The response should repeat word for word every line below from the one with "The project contributes" to the one with "Higher Education Mega Center North", inclusive, and nothing else; leave pictures out.

## Given information

++++

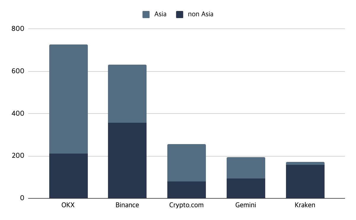 2023๋ ๊ฐ์ฅ ๋ง์ ์ฑ์ฉ์ด ๋ฐ์ํ ๊ฐ์์์ฐ ๊ฑฐ๋์๋ 1) OKX, 2) ๋ฐ์ด๋ธ์ค(Binance), 3) ํฌ๋ฆฝํ ๋ท์ปด(Crypto.com), 4) ์ ๋ฏธ๋(Gemini), 5) ํฌ๋ผ์ผ(Kraken) ์์ด๋ค. OKX๋ ๊ธ๋ก๋ฒ ํ๋ฌผ ๊ฑฐ๋์ 3์๋ฅผ ์ฐจ์งํ๋ฉฐ, ๋ฐ์ด๋ธ์ค์ ์ ๋นํธ๋ฅผ ๋งน์ถ๊ฒฉํ๊ธฐ ์ํด ์ต๊ทผ๊น์ง๋ ๊ฐ์ฅ ํ๋ฐํ ์ฑ์ฉ์ ์งํํ์๋ค. ํนํ OKX๋ ์์์ ์ง์ญ ์ ์ญ์ ๊ฑธ์ณ ์์ฅ ํ์ฅํ๋ ๋ชจ์ต์ด ์ธ์์ ์ด์๋๋ฐ, ํ์ฝฉ, ์ธ๋, ํ๊ตญ, ํธ์ฃผ, ํ๊ตญ, ๋ง๋ ์ด์์ ๋ฑ์์ ์์ฅ์ ํ๋ํ๋ ๋ชจ์ต์ด ์ธ์์ ์ด๋ค.
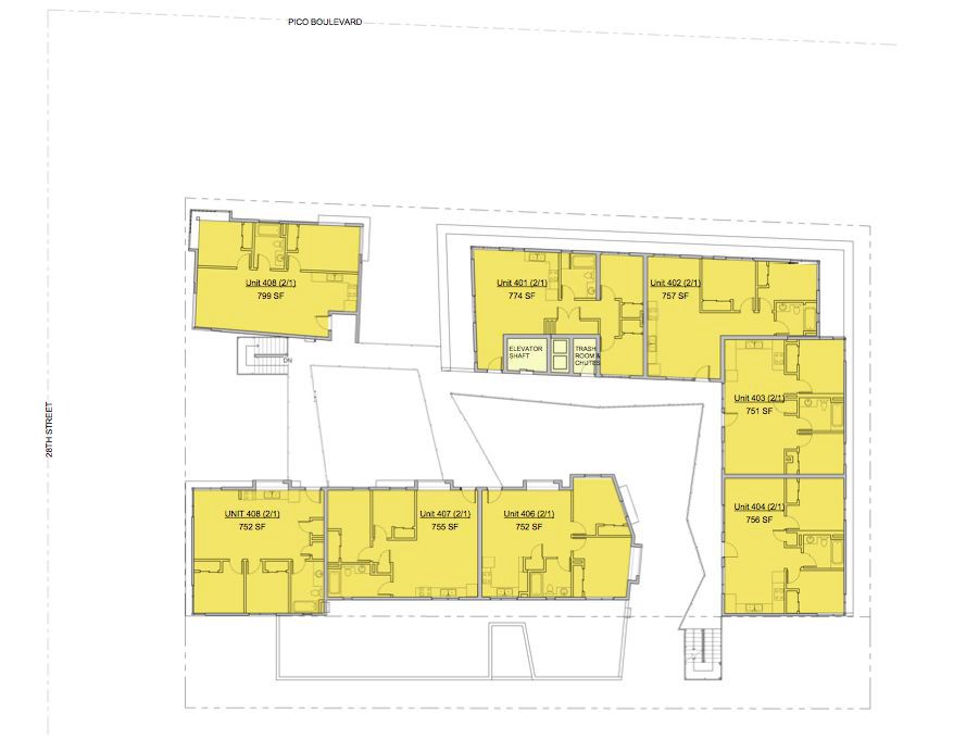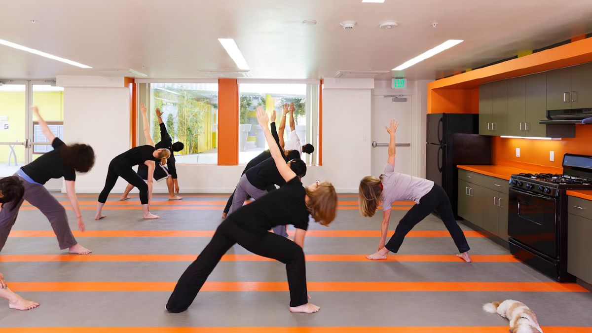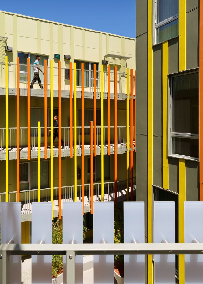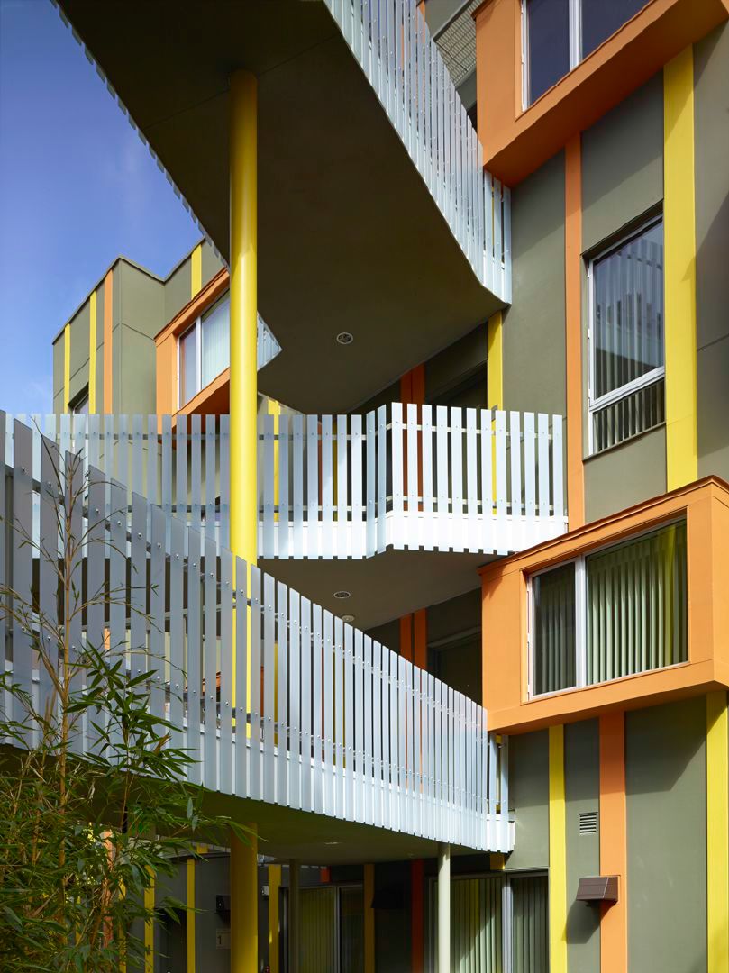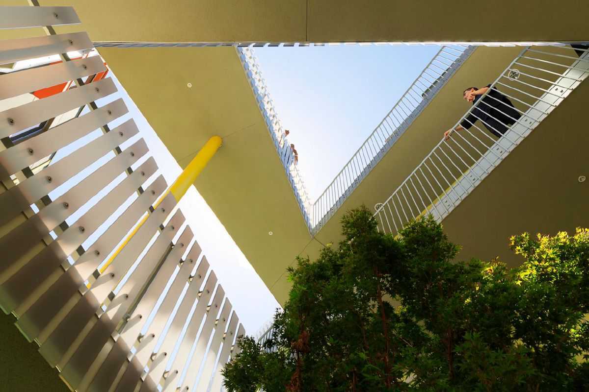 The project contributes to the life of its residents, neighbors and the City, by providing a pedestrian-friendly urban façade to enliven the corner of Pico and 28th streets. A break in the south façade provides pedestrian access and engages the interior courtyard with the surrounding street life. On the east, a two-story volume accommodating a community room helps to break down the mass and allows the ocean breeze to create naturally ventilated spaces. The courtyard as the social heart optimizes interaction and incorporates a playful array of bridges, walkways and stairs.
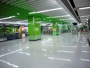 Higher Education Mega Center North Station (simplified Chinese: 大学城北站; traditional Chinese: 大學城北站; Cantonese Yale: Daaihhohksìhng Bāk Jaahm) is a station of Line 4 of the Guangzhou Metro. It started operations on 26 December 2005. It is located at the underground of the north of Guangzhou Higher Education Mega Center, located on the Xiaoguwei Island in Xiaoguwei Subdistrict, Panyu District.[1]
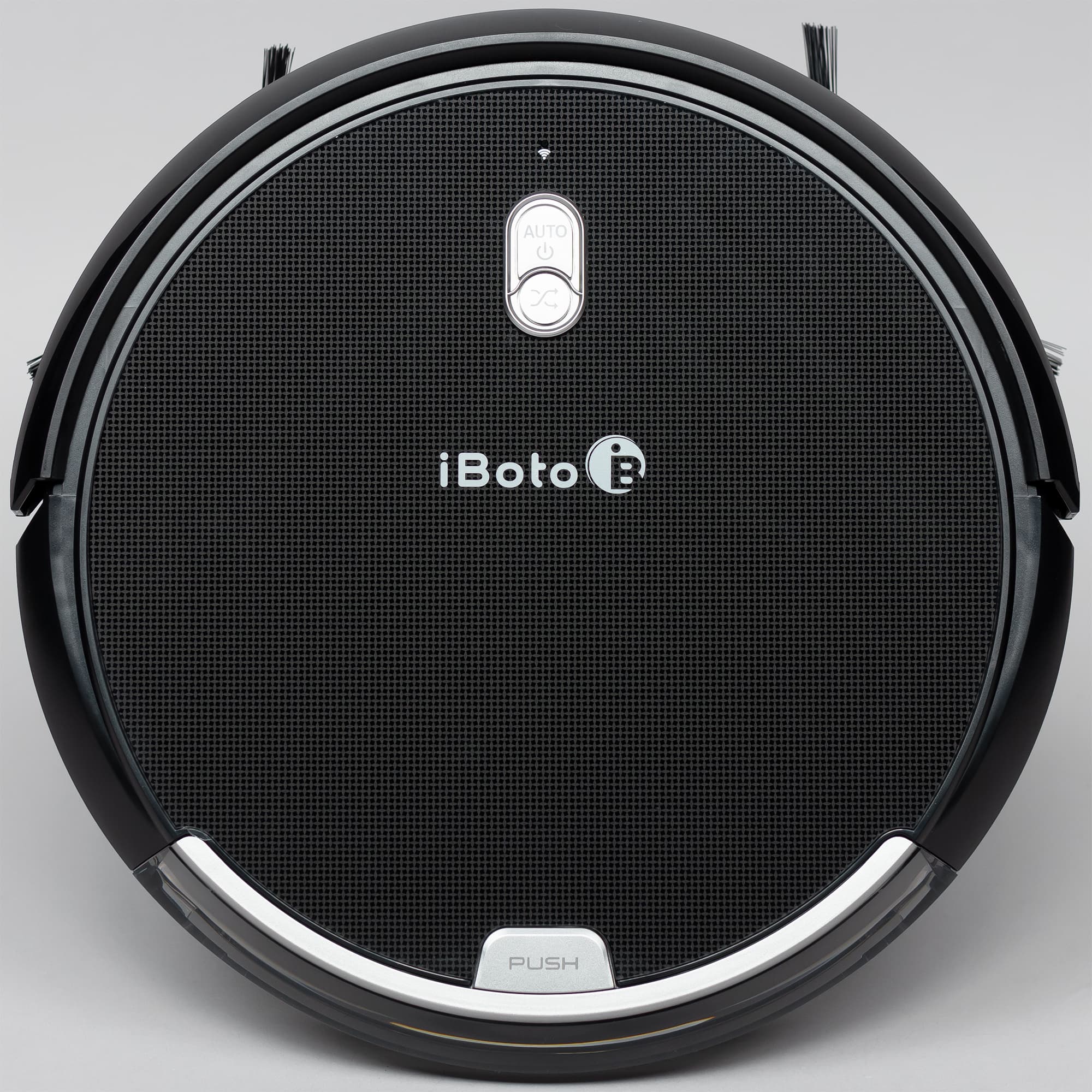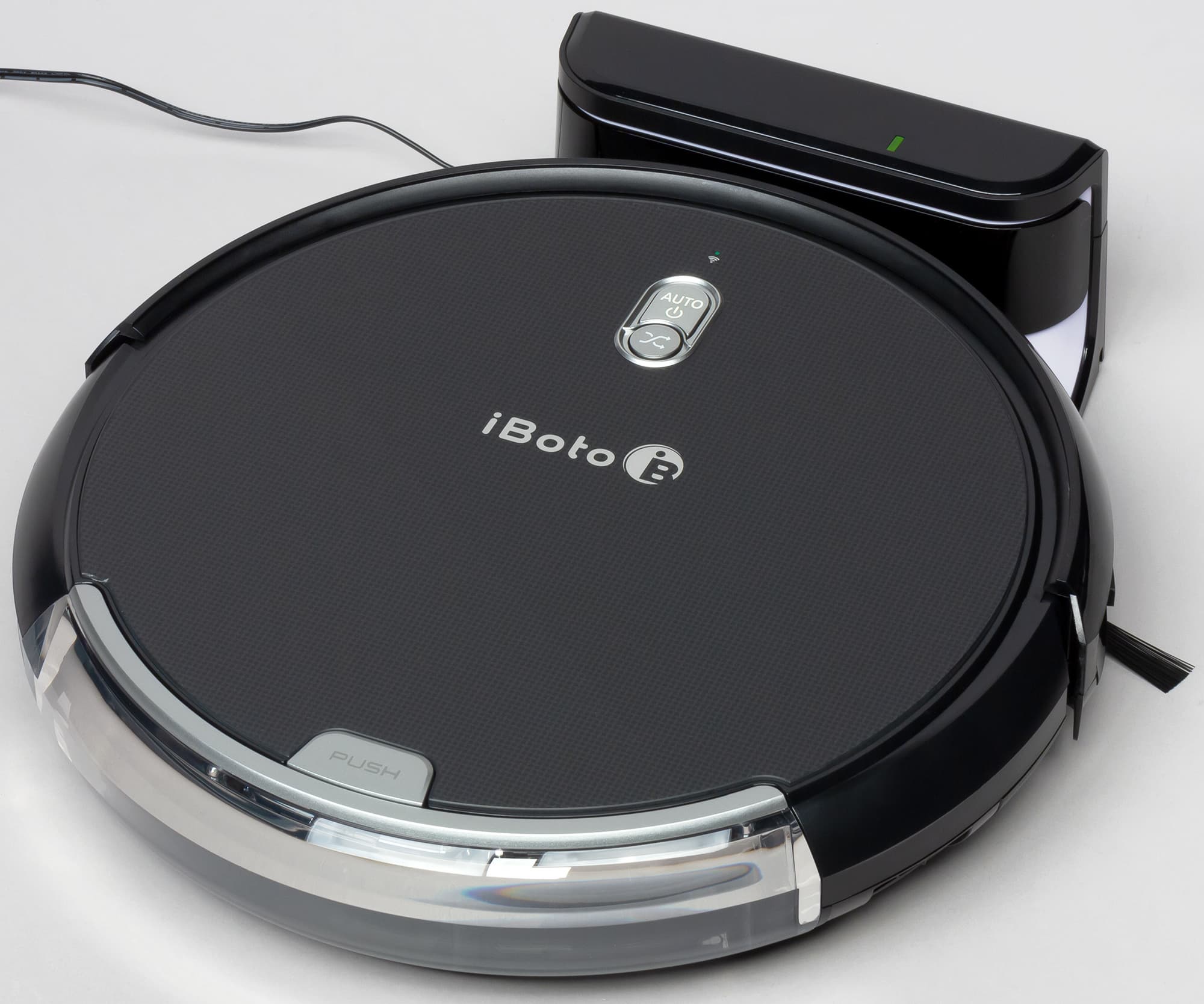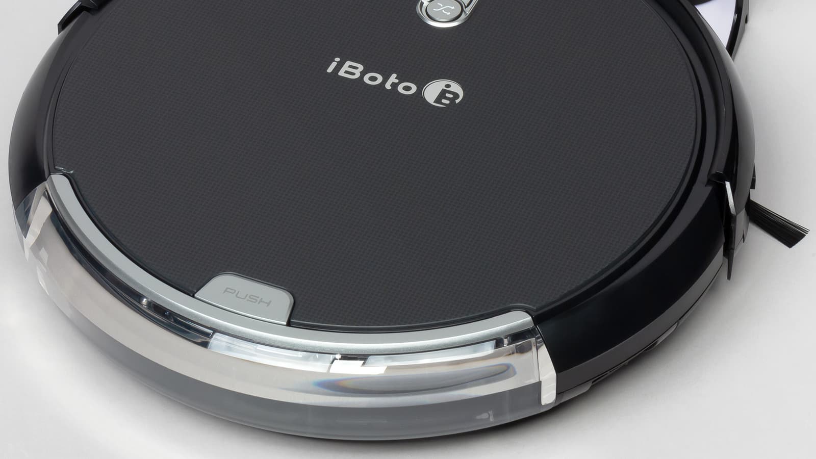 Корпус робота изготовлен в основном из черного пластика без покрытия и с матовой поверхностью. Бампер — из черного пластика без покрытия и с гладкой поверхностью. Преимущественно темный цвет корпуса осложняет поиск робота в темных закоулках квартиры, когда он по какой-то причине не вернется на базу, также робота сложнее заметить боковым зрением, когда он путается под ногами, а значит, с большей вероятностью на него можно наступить. Верхняя панель прикрыта пластиной из минерального закаленного стекла, поэтому она не царапается и легко очищается, однако из-за темной подложки панель маркая, она быстро покрывается следами от пальцев. Впрочем, узор под стеклом снижает заметность отпечатков. На верхней панели ближе к передней части есть две механические кнопки: одна с подсвечивающимися словом Auto и значком питания, вторая — с подсвечивающимися значком из двух перекрещенных стрелок.

++++

## Completed task
 The project contributes to the life of its residents, neighbors and the City, by providing a pedestrian-friendly urban façade to enliven the corner of Pico and 28th streets. A break in the south façade provides pedestrian access and engages the interior courtyard with the surrounding street life. On the east, a two-story volume accommodating a community room helps to break down the mass and allows the ocean breeze to create naturally ventilated spaces. The courtyard as the social heart optimizes interaction and incorporates a playful array of bridges, walkways and stairs.
 Higher Education Mega Center North Station (simplified Chinese: 大学城北站; traditional Chinese: 大學城北站; Cantonese Yale: Daaihhohksìhng Bāk Jaahm) is a station of Line 4 of the Guangzhou Metro. It started operations on 26 December 2005. It is located at the underground of the north of Guangzhou Higher Education Mega Center, located on the Xiaoguwei Island in Xiaoguwei Subdistrict, Panyu District.[1]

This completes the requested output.